最后，使用我的答案中的方法链接的问题来生成您的最后一组索引：

 indices = zeros(1,max(endIndex)+1); indices(startIndex) = 1; indices(endIndex+1) = indices(endIndex+1)-1; indices = find(cumsum(indices));

你可以解决这个问题，作为一个字符串搜索任务，通过查找字符串长度为零的零（STRFIND函数是非常快的）

 startIndex = strfind(sig, zeros(1,thresh));

请注意，较长的子字符串将在多个位置得到标记，但是一旦我们在从startIndex开始到start+thresh-1结束之间添加中间位置，最终将会连接在一起。

 indices = unique( bsxfun(@plus, startIndex', 0:thresh-1) )';

请注意，您始终可以通过链接问题中的@gnovice与CUMSUM / FIND解决方案交换最后一步。

这里是在numpy（也在这里回答）

 def nonzero_intervals(vec): ''' Find islands of non-zeros in the vector vec ''' if len(vec)==0: return [] elif not isinstance(vec, np.ndarray): vec = np.array(vec) edges, = np.nonzero(np.diff((vec==0)*1)) edge_vec = [edges+1] if vec[0] != 0: edge_vec.insert(0, [0]) if vec[-1] != 0: edge_vec.append([len(vec)]) edges = np.concatenate(edge_vec) return zip(edges[::2], edges[1::2])

例如：

 a=[1, 2, 0, 0, 0, 3, 4, 0] intervals = nonzero_intervals(a) assert intervals == [(0, 2), (5, 7)]

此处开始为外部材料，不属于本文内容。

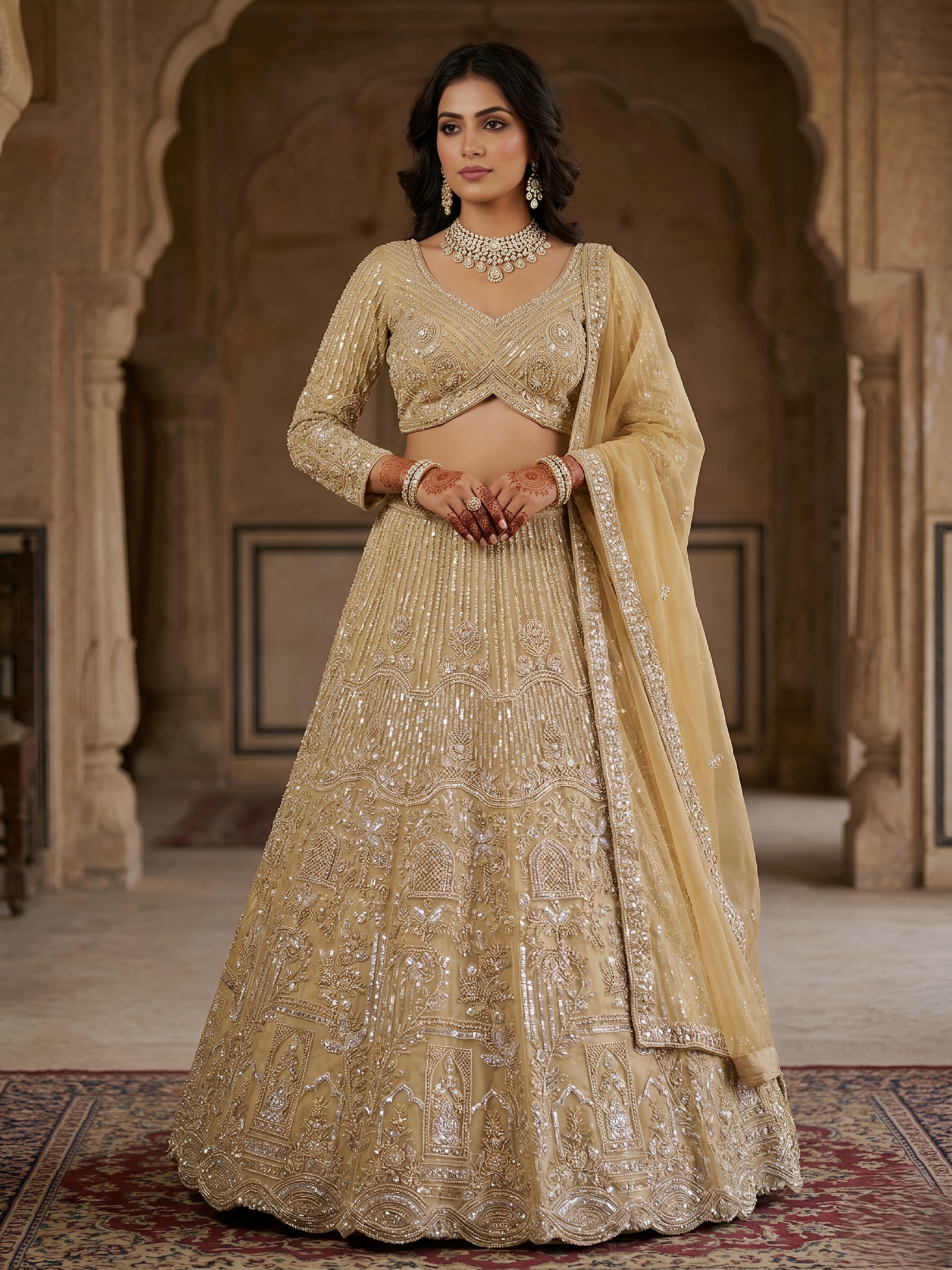 “Understated luxury at its finest. With a focus on clean lines, rich jewel tones, and a sophisticated sheen, this lehenga redefines festive wear. A versatile silhouette that lets your natural radiance take center stage.”
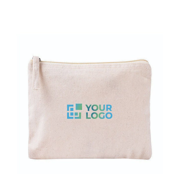 Trousse plate en coton biologique de 180 g/m², dont le point fort est son design minimaliste. De plus, vous transmettrez une image plus naturelle avec elle.

 function indice=sigvec(sig,thresh) %extend sig head and tail to avoid 0 head and 0 tail exsig=[1,sig,1]; %convolution sig with extend sig cvexsig=conv(exsig,ones(1,thresh)); tempsig=double(cvexsig==0); indice=find(conv(tempsig,ones(1,thresh)))-thresh;

genovice的上述答案可以被修改以找到向量中的非零元素的索引：

  tsig = (abs(sig) >= eps); dsig = diff([0 tsig 0]); startIndex = find(dsig > 0); endIndex = find(dsig < 0)-1; duration = endIndex-startIndex+1;

正如gnovice所示，我们将做一个阈值测试，使“接近零”真的为零：

 logcl = abs(sig(:)) >= zero_tolerance;

然后找到累积和不增加的区域：

 cs = cumsum(logcl); islands = cs(1+thresh:end) == cs(1:end-thresh);

记住gnovice填充索引范围的好方法

 v = zeros(1,max(endInd)+1); %# An array of zeroes v(startInd) = 1; %# Place 1 at the starts of the intervals v(endInd+1) = v(endInd+1)-1; %# Add -1 one index after the ends of the intervals indices = find(cumsum(v)); %# Perform a cumulative sum and find the nonzero entries

我们注意到，我们的islands矢量在endInd和endInd都已经有了，而且为了我们的目的， endInd总是会出现一些islands （ endInd有一些islands在运行）

 endcap = zeros(thresh,1); indices = find(cumsum([islands ; endcap] - [endcap ; islands]))

测试

 sig = [1 1 0 0 0 0 1 1 1 1 1 0 1 0 0 0 1 1 1 1 1 1 1 1 0 0 1 1 1 0]; logcl = abs(sig(:)) >= .1; cs = cumsum(logcl); islands = cs(1+thresh:end) == cs(1:end-thresh); endcap = zeros(thresh,1); indices = find(cumsum([islands ; endcap] - [endcap ; islands]))

 indices = 2 3 4 5 13 14 15

我认为最大的MATLAB /“矢量化”方法是通过计算信号与像[-1 1]这样的滤波器的卷积。你应该看看函数conv的文档。然后在conv的输出中使用find来获得相关的索引。

在一个序列中找到零的岛屿

测试

为什么单独循环中的元素添加比组合循环中快得多？